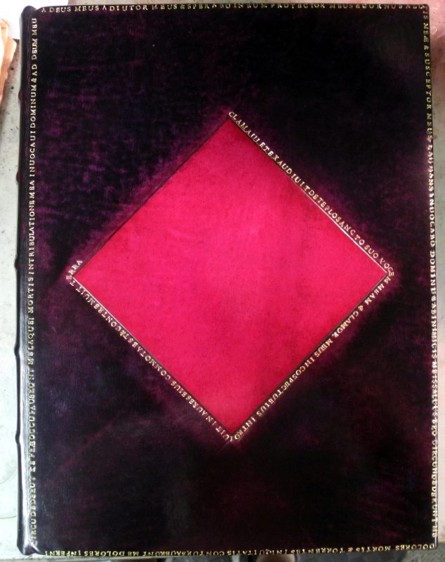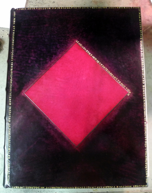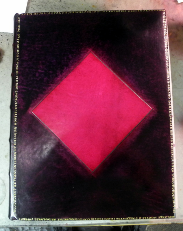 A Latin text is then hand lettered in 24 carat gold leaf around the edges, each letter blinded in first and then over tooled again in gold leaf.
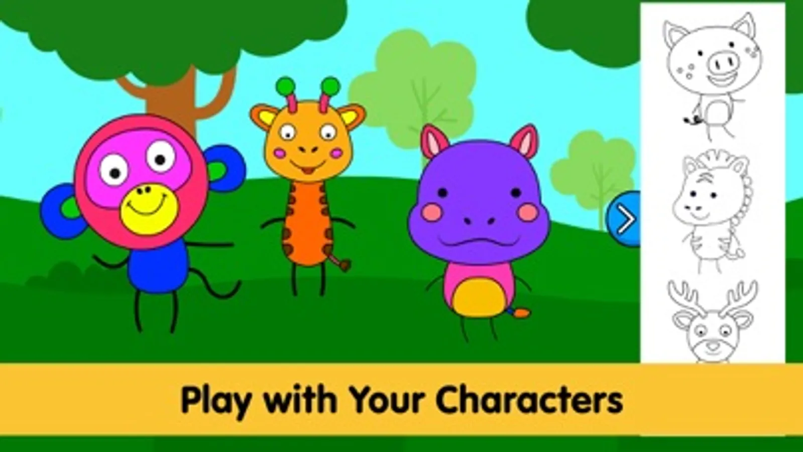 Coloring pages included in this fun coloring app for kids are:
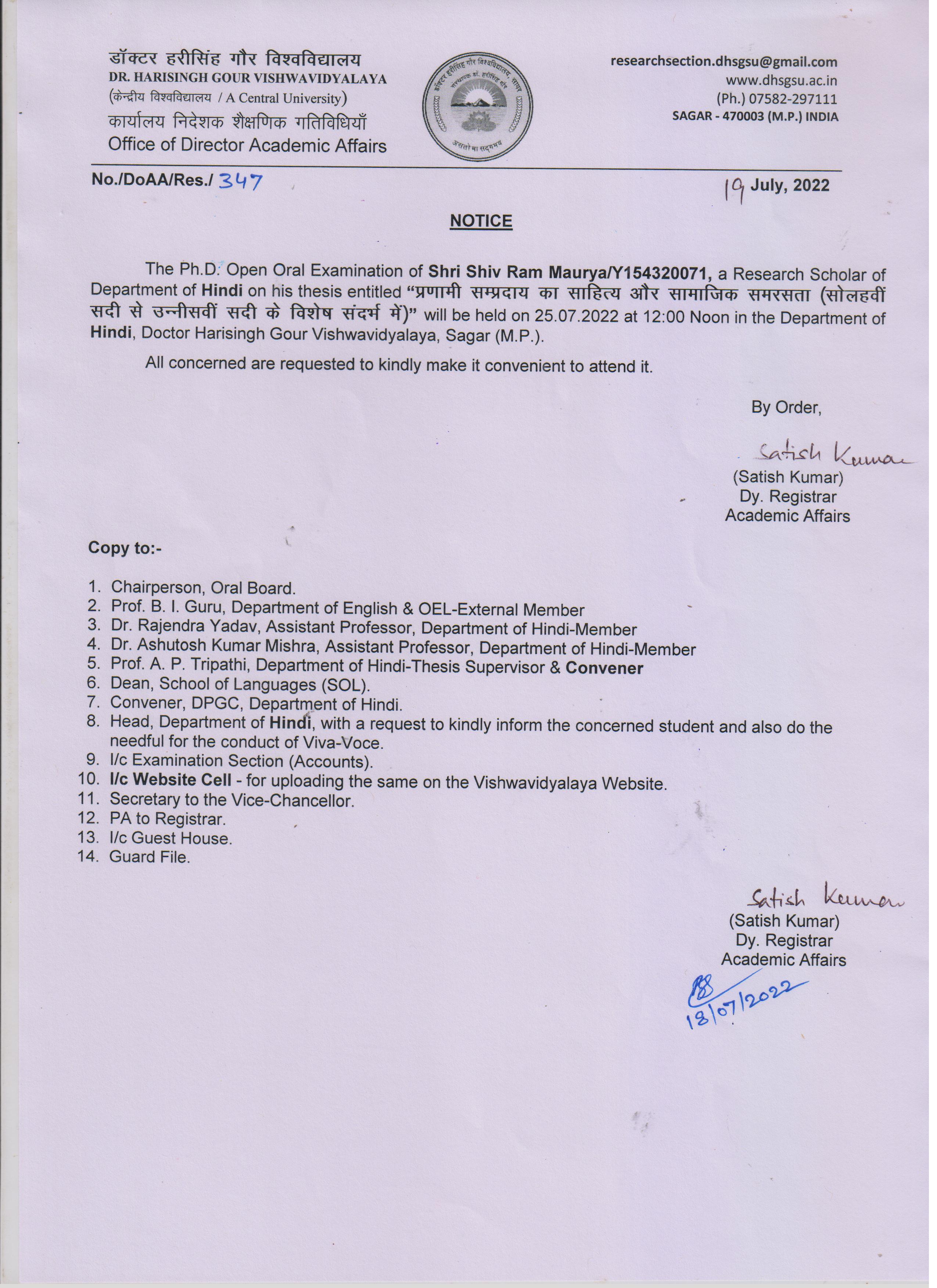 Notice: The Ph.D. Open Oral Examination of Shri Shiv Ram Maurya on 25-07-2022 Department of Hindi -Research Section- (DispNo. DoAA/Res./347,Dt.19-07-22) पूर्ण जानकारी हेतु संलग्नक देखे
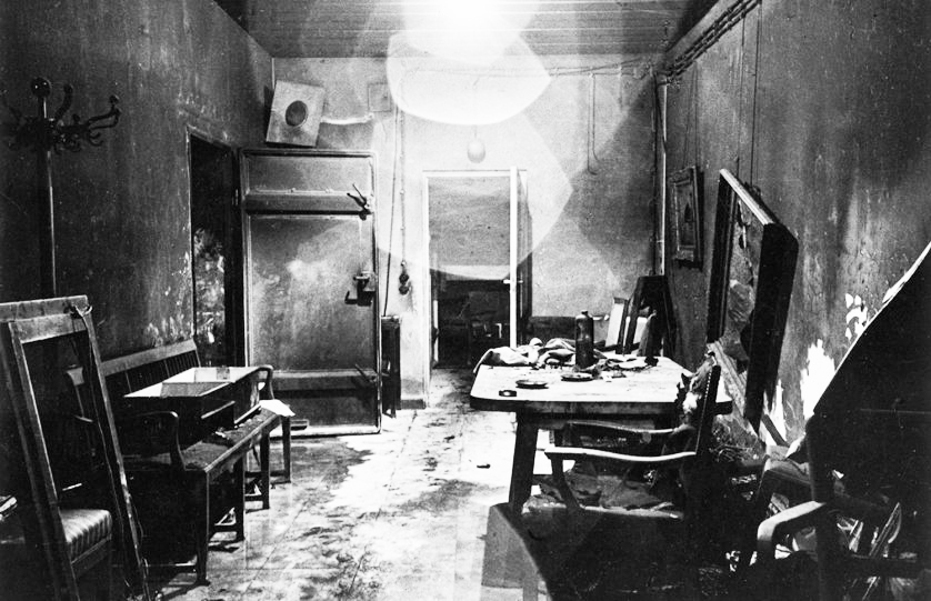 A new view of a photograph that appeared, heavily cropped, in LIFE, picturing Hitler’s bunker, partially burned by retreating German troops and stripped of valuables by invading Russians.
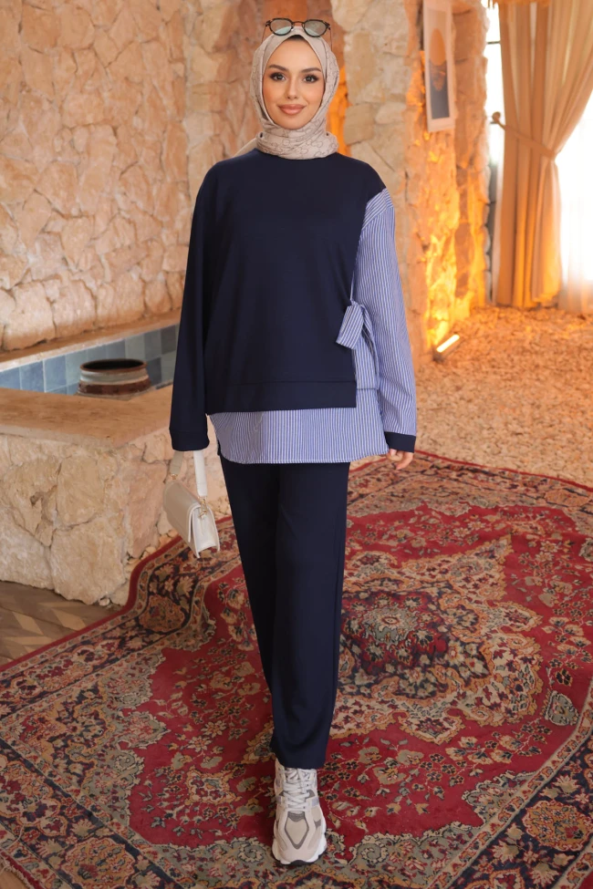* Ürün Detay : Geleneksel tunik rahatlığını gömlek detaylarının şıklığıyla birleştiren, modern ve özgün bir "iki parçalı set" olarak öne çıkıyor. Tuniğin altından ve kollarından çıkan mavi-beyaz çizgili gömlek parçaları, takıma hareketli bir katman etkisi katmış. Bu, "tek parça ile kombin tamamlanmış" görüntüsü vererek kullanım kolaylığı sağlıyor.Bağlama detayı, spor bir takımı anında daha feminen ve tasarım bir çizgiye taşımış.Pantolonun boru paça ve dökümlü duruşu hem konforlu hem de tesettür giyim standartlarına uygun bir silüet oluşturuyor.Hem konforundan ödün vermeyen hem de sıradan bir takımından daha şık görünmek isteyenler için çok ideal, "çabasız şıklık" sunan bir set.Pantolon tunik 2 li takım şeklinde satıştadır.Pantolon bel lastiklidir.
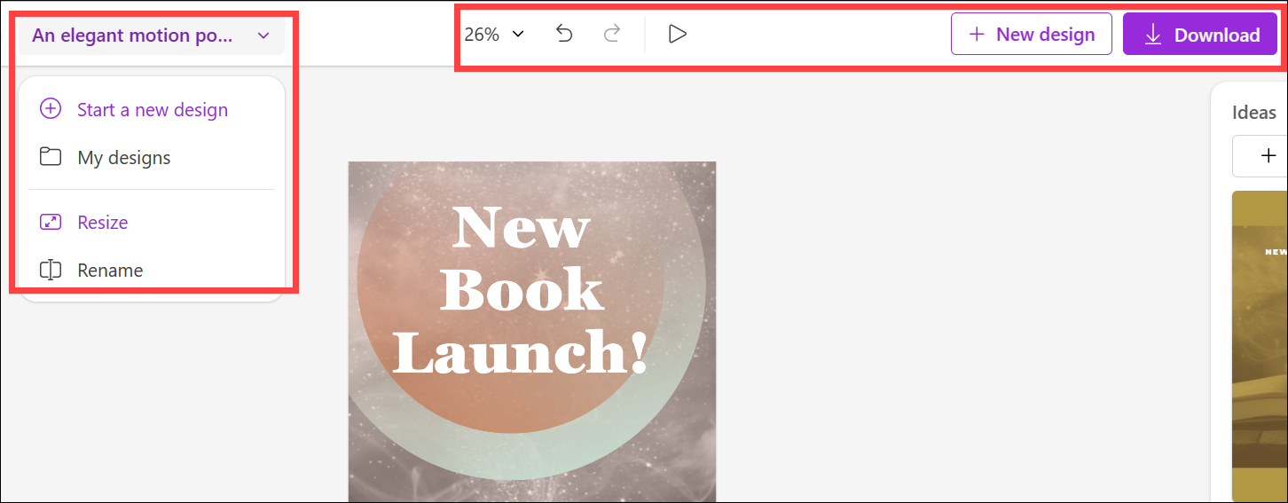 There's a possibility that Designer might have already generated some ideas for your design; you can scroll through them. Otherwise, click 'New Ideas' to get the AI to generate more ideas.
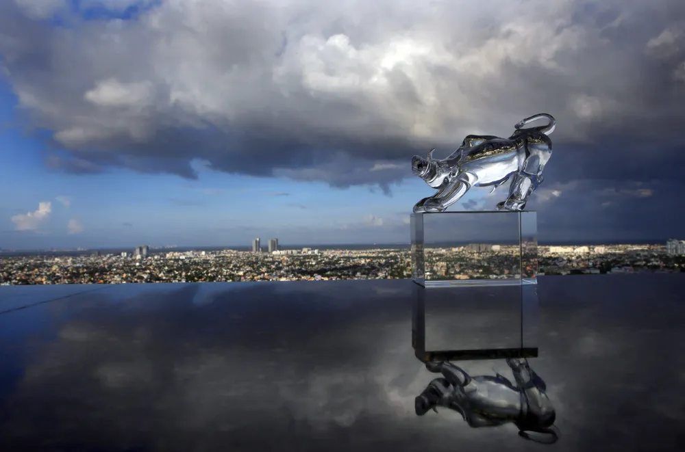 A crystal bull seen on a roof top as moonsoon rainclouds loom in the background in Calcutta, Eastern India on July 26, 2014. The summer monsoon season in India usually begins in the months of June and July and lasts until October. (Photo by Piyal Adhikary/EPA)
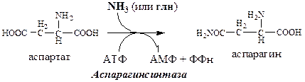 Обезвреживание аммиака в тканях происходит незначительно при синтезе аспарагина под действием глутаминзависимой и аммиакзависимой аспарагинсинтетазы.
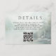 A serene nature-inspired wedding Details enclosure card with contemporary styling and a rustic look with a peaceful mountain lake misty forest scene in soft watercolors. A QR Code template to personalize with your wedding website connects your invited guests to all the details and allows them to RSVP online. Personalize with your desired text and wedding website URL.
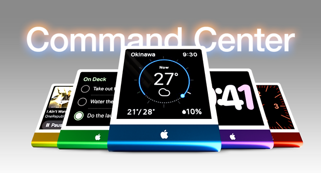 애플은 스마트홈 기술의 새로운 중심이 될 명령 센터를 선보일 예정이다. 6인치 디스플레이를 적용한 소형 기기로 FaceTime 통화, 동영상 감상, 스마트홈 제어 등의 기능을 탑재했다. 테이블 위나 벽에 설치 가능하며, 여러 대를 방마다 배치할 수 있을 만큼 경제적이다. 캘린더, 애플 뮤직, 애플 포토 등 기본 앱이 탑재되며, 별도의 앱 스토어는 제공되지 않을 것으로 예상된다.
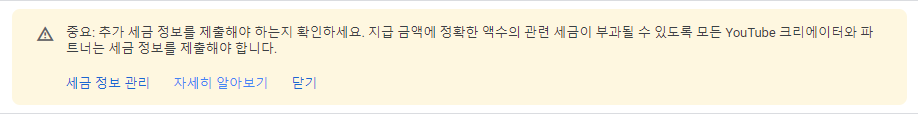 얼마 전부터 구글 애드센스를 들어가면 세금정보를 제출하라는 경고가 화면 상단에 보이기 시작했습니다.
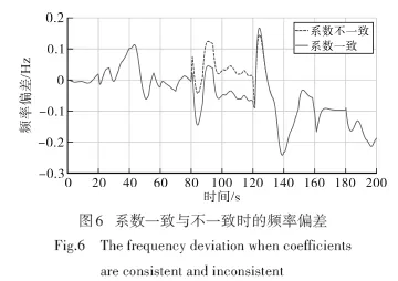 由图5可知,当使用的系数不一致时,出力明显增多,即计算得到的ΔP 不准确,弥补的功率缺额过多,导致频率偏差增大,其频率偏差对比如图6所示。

::::

## Action item
Leave out the pictures and print every line of the data exactly.

## Solution to this task
 A Latin text is then hand lettered in 24 carat gold leaf around the edges, each letter blinded in first and then over tooled again in gold leaf.
 Coloring pages included in this fun coloring app for kids are:
 Notice: The Ph.D. Open Oral Examination of Shri Shiv Ram Maurya on 25-07-2022 Department of Hindi -Research Section- (DispNo. DoAA/Res./347,Dt.19-07-22) पूर्ण जानकारी हेतु संलग्नक देखे
 A new view of a photograph that appeared, heavily cropped, in LIFE, picturing Hitler’s bunker, partially burned by retreating German troops and stripped of valuables by invading Russians.
* Ürün Detay : Geleneksel tunik rahatlığını gömlek detaylarının şıklığıyla birleştiren, modern ve özgün bir "iki parçalı set" olarak öne çıkıyor. Tuniğin altından ve kollarından çıkan mavi-beyaz çizgili gömlek parçaları, takıma hareketli bir katman etkisi katmış. Bu, "tek parça ile kombin tamamlanmış" görüntüsü vererek kullanım kolaylığı sağlıyor.Bağlama detayı, spor bir takımı anında daha feminen ve tasarım bir çizgiye taşımış.Pantolonun boru paça ve dökümlü duruşu hem konforlu hem de tesettür giyim standartlarına uygun bir silüet oluşturuyor.Hem konforundan ödün vermeyen hem de sıradan bir takımından daha şık görünmek isteyenler için çok ideal, "çabasız şıklık" sunan bir set.Pantolon tunik 2 li takım şeklinde satıştadır.Pantolon bel lastiklidir.
 There's a possibility that Designer might have already generated some ideas for your design; you can scroll through them. Otherwise, click 'New Ideas' to get the AI to generate more ideas.
 A crystal bull seen on a roof top as moonsoon rainclouds loom in the background in Calcutta, Eastern India on July 26, 2014. The summer monsoon season in India usually begins in the months of June and July and lasts until October. (Photo by Piyal Adhikary/EPA)
 Обезвреживание аммиака в тканях происходит незначительно при синтезе аспарагина под действием глутаминзависимой и аммиакзависимой аспарагинсинтетазы.
 A serene nature-inspired wedding Details enclosure card with contemporary styling and a rustic look with a peaceful mountain lake misty forest scene in soft watercolors. A QR Code template to personalize with your wedding website connects your invited guests to all the details and allows them to RSVP online. Personalize with your desired text and wedding website URL.
 애플은 스마트홈 기술의 새로운 중심이 될 명령 센터를 선보일 예정이다. 6인치 디스플레이를 적용한 소형 기기로 FaceTime 통화, 동영상 감상, 스마트홈 제어 등의 기능을 탑재했다. 테이블 위나 벽에 설치 가능하며, 여러 대를 방마다 배치할 수 있을 만큼 경제적이다. 캘린더, 애플 뮤직, 애플 포토 등 기본 앱이 탑재되며, 별도의 앱 스토어는 제공되지 않을 것으로 예상된다.
 얼마 전부터 구글 애드센스를 들어가면 세금정보를 제출하라는 경고가 화면 상단에 보이기 시작했습니다.
 由图5可知,当使用的系数不一致时,出力明显增多,即计算得到的ΔP 不准确,弥补的功率缺额过多,导致频率偏差增大,其频率偏差对比如图6所示。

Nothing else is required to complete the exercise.